[[ Entries shown open ]]

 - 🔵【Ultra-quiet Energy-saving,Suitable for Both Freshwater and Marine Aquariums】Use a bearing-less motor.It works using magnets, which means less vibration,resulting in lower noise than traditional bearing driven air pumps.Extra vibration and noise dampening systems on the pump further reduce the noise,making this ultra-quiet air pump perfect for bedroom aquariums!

[[ Entries shown closed ]]
[[ Entries shown open ]]

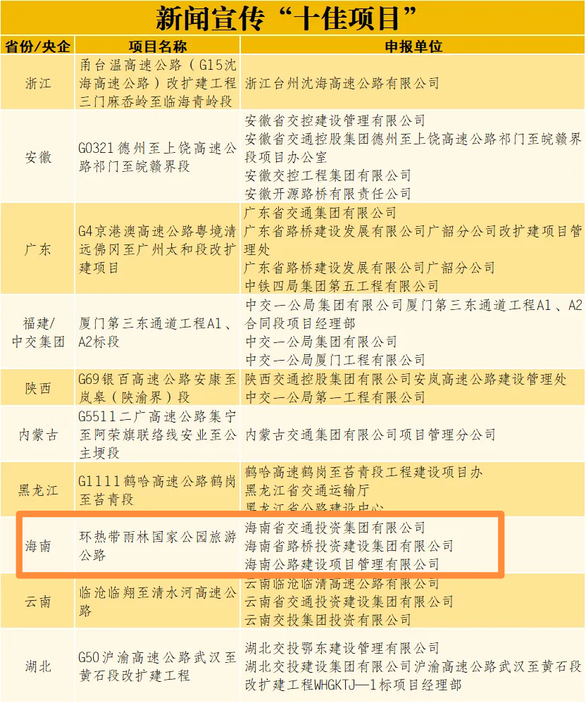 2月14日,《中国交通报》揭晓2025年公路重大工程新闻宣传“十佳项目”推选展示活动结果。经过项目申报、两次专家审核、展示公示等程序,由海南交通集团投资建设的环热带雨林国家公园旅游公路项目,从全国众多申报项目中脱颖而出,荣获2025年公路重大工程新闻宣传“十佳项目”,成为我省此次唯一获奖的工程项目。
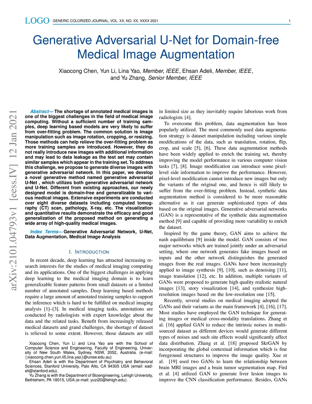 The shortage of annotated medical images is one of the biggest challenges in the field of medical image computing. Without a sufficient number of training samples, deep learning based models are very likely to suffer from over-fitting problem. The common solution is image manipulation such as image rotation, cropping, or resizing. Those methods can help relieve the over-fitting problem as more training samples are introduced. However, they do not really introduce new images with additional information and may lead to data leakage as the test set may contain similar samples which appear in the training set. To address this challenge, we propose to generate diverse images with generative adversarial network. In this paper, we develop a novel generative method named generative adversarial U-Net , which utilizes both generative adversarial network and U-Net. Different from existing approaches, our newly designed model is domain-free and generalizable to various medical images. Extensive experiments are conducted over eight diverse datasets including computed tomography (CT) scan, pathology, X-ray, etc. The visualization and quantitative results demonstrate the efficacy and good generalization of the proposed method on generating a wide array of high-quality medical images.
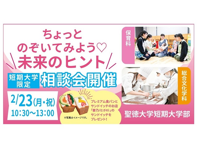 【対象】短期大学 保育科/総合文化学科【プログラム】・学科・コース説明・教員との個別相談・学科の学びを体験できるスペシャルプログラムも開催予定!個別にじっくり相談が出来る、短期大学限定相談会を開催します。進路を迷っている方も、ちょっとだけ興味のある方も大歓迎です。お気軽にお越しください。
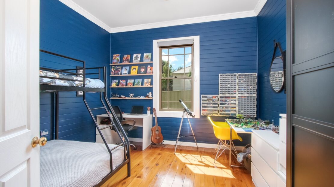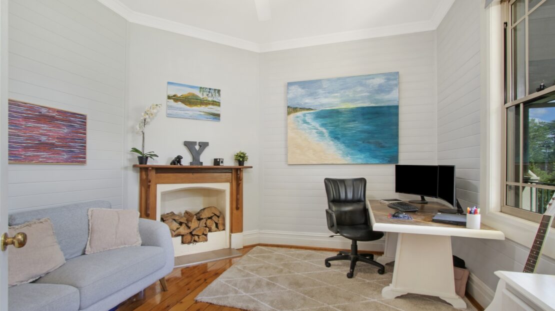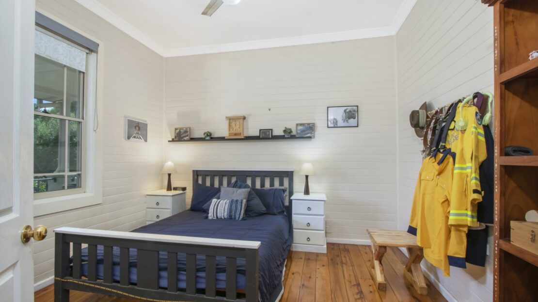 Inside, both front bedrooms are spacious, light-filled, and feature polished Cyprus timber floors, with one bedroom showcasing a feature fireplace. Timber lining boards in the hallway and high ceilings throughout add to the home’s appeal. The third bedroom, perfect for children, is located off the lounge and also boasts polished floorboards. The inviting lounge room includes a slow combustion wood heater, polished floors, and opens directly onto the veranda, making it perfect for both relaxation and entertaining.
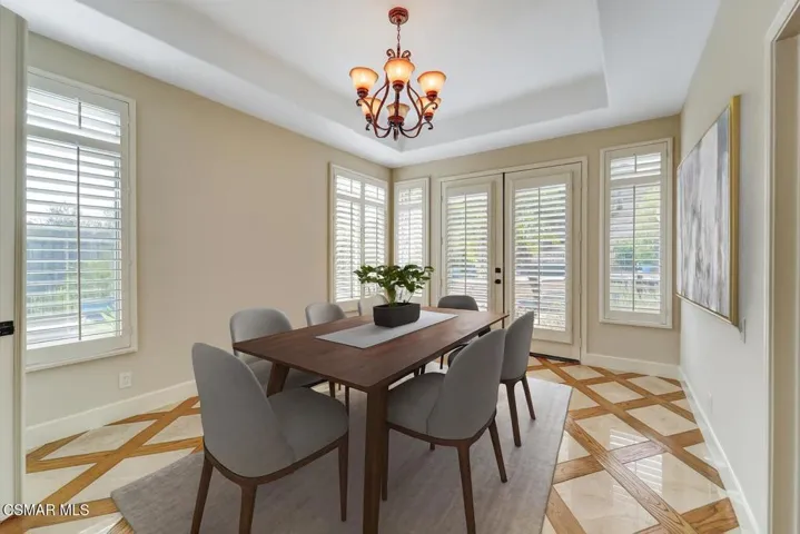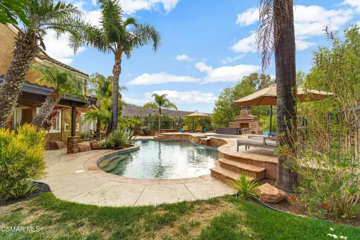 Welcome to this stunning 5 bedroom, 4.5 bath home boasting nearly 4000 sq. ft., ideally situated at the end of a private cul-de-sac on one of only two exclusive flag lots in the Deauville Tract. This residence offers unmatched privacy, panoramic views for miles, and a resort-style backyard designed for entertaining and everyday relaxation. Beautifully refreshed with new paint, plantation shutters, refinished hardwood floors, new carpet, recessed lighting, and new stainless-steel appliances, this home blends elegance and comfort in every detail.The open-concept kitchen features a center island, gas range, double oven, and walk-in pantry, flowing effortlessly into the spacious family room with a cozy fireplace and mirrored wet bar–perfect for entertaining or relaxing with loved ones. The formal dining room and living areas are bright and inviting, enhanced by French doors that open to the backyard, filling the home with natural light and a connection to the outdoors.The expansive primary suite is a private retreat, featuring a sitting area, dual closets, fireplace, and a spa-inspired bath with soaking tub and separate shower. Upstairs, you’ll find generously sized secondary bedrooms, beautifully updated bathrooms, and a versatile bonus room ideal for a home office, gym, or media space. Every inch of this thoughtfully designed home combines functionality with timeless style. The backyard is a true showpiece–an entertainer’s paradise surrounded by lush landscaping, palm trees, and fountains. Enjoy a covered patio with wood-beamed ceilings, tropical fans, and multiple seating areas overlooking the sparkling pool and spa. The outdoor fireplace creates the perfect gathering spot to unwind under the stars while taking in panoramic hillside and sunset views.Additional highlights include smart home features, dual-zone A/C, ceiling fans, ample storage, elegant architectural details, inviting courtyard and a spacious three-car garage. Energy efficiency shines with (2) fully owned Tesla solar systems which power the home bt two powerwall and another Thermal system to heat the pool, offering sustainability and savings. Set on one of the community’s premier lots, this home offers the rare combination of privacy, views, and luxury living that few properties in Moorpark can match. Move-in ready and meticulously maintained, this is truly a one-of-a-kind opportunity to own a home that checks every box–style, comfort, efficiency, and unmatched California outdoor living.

[[ Entries shown closed ]]
[[ Entries shown open ]]

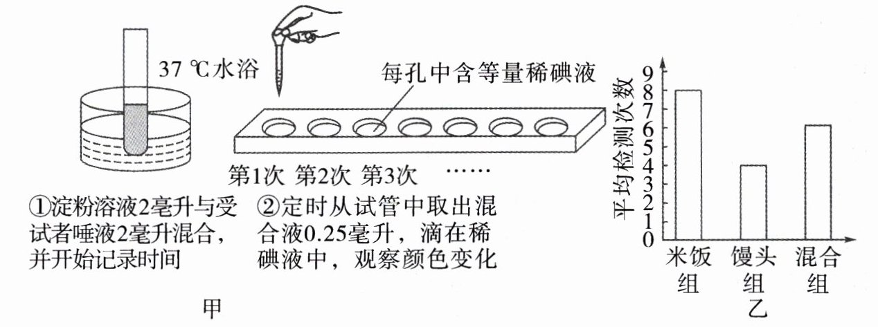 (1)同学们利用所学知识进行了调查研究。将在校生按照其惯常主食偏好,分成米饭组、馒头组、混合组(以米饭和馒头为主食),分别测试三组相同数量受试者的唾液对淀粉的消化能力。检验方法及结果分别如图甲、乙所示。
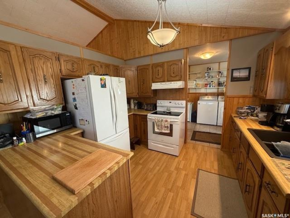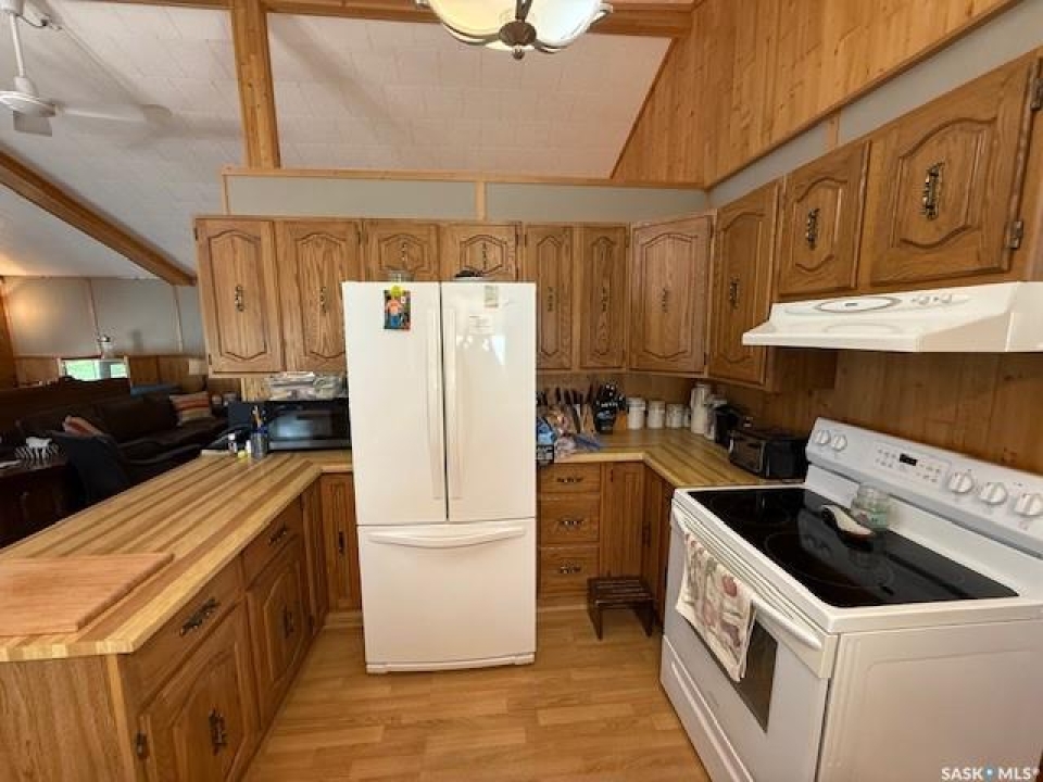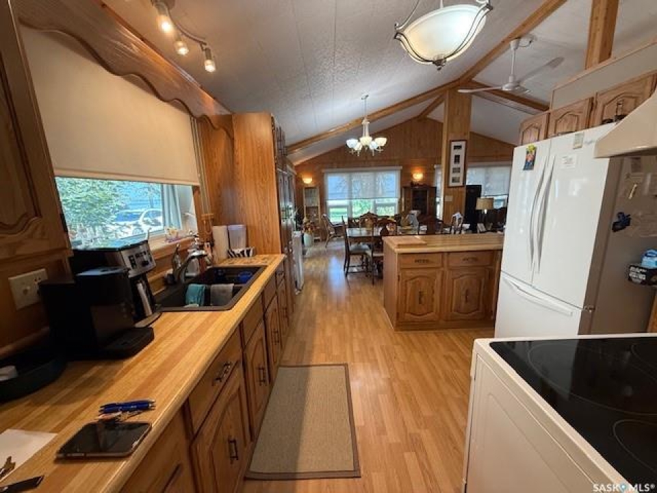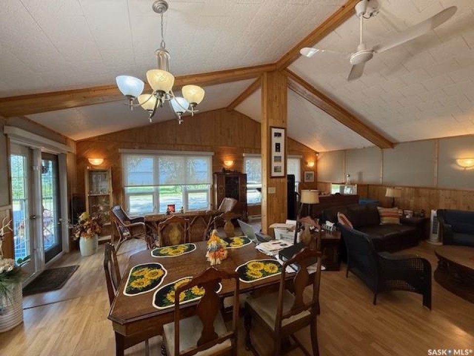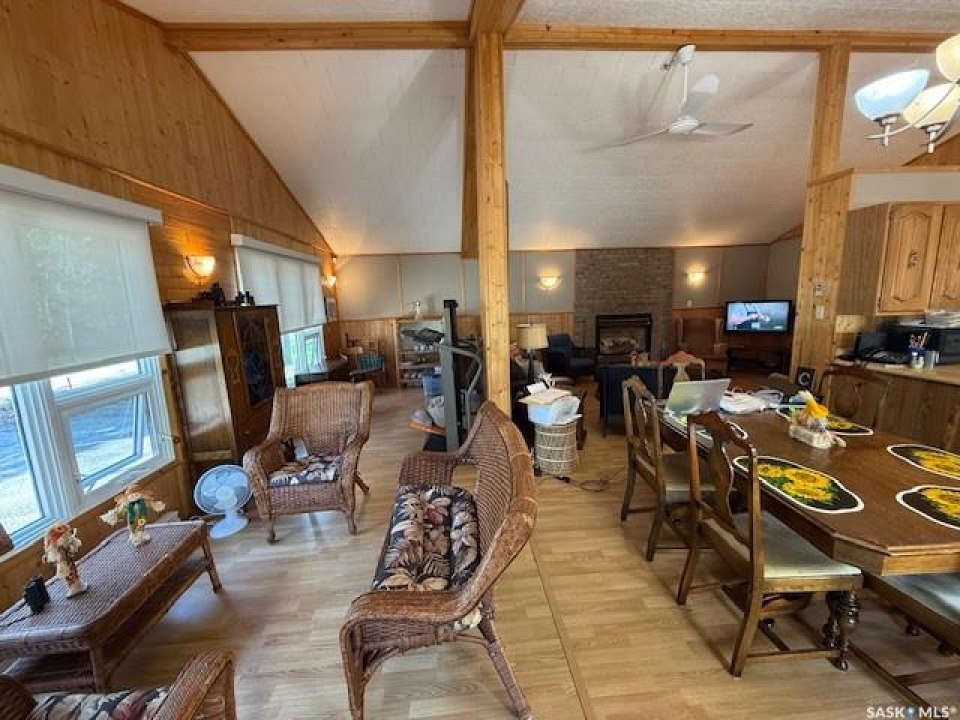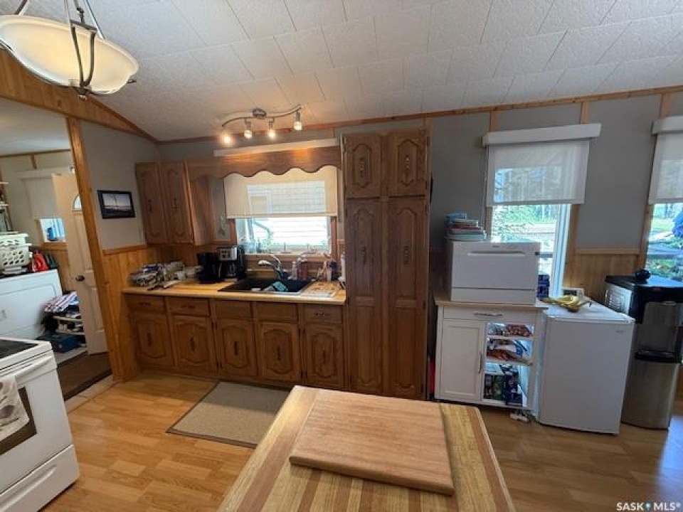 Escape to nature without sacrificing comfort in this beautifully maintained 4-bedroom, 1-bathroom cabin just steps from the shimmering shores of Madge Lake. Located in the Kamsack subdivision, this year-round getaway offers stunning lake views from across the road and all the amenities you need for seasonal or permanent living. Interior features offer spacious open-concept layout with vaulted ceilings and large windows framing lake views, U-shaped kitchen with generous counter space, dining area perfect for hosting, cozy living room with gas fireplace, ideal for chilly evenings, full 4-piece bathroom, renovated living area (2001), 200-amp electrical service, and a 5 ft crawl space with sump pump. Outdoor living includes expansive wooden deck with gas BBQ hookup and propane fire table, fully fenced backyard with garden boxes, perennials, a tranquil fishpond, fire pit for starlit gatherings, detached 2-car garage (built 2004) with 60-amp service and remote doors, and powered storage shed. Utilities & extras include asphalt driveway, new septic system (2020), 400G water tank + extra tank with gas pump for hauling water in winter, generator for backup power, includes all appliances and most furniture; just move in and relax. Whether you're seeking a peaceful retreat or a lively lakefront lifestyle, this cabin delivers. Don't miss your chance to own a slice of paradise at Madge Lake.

[[ Entries shown closed ]]

About this exercise> Starting at the line with "The shortage of" and finishing at the line with "Inside, both front", copy the material above exactly, both lines included. Nothing else goes in, and no pictures.

Solution for this task>
 The shortage of annotated medical images is one of the biggest challenges in the field of medical image computing. Without a sufficient number of training samples, deep learning based models are very likely to suffer from over-fitting problem. The common solution is image manipulation such as image rotation, cropping, or resizing. Those methods can help relieve the over-fitting problem as more training samples are introduced. However, they do not really introduce new images with additional information and may lead to data leakage as the test set may contain similar samples which appear in the training set. To address this challenge, we propose to generate diverse images with generative adversarial network. In this paper, we develop a novel generative method named generative adversarial U-Net , which utilizes both generative adversarial network and U-Net. Different from existing approaches, our newly designed model is domain-free and generalizable to various medical images. Extensive experiments are conducted over eight diverse datasets including computed tomography (CT) scan, pathology, X-ray, etc. The visualization and quantitative results demonstrate the efficacy and good generalization of the proposed method on generating a wide array of high-quality medical images.
 【対象】短期大学 保育科/総合文化学科【プログラム】・学科・コース説明・教員との個別相談・学科の学びを体験できるスペシャルプログラムも開催予定!個別にじっくり相談が出来る、短期大学限定相談会を開催します。進路を迷っている方も、ちょっとだけ興味のある方も大歓迎です。お気軽にお越しください。
 Inside, both front bedrooms are spacious, light-filled, and feature polished Cyprus timber floors, with one bedroom showcasing a feature fireplace. Timber lining boards in the hallway and high ceilings throughout add to the home’s appeal. The third bedroom, perfect for children, is located off the lounge and also boasts polished floorboards. The inviting lounge room includes a slow combustion wood heater, polished floors, and opens directly onto the veranda, making it perfect for both relaxation and entertaining.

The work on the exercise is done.